> Exercise details
In the data below, find the line containing "圣杯屿沉船舱内 成摞瓷器", then set down that line and every later line up to and including the line containing "Two-dimensional mass distributions", exactly.

> Records supplied
= = = =

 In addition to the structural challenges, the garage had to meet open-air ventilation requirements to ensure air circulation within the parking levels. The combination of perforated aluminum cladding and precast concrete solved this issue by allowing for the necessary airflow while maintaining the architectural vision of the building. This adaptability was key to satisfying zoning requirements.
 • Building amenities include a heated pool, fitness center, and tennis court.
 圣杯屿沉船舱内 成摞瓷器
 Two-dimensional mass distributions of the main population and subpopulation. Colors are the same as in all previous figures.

= = = =

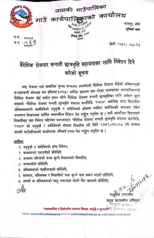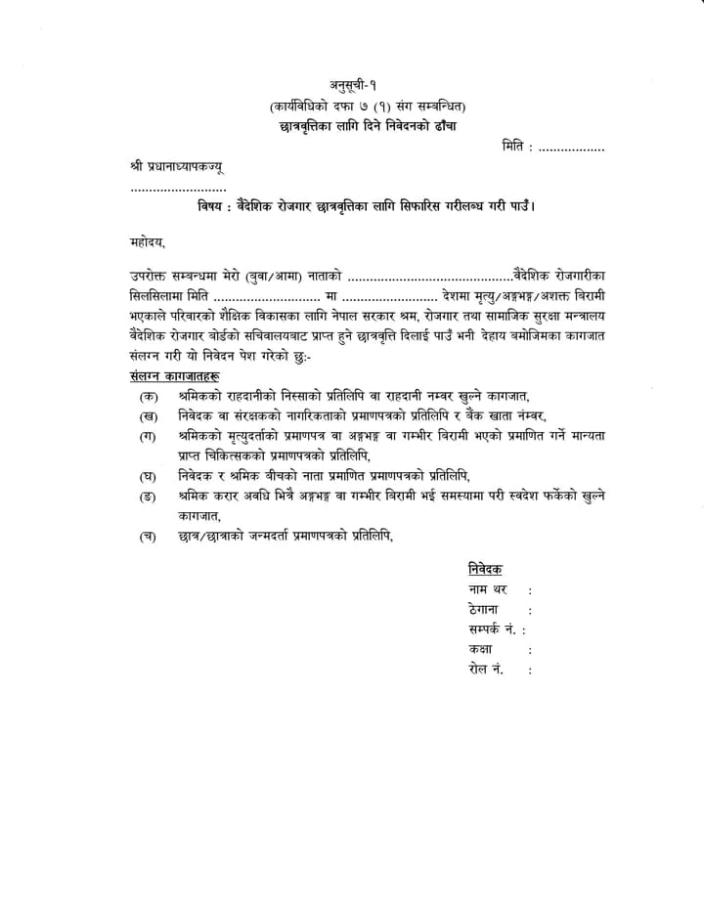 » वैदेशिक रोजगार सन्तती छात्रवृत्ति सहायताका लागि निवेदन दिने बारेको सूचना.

= = = =

> Output of the exercise
 圣杯屿沉船舱内 成摞瓷器
 Two-dimensional mass distributions of the main population and subpopulation. Colors are the same as in all previous figures.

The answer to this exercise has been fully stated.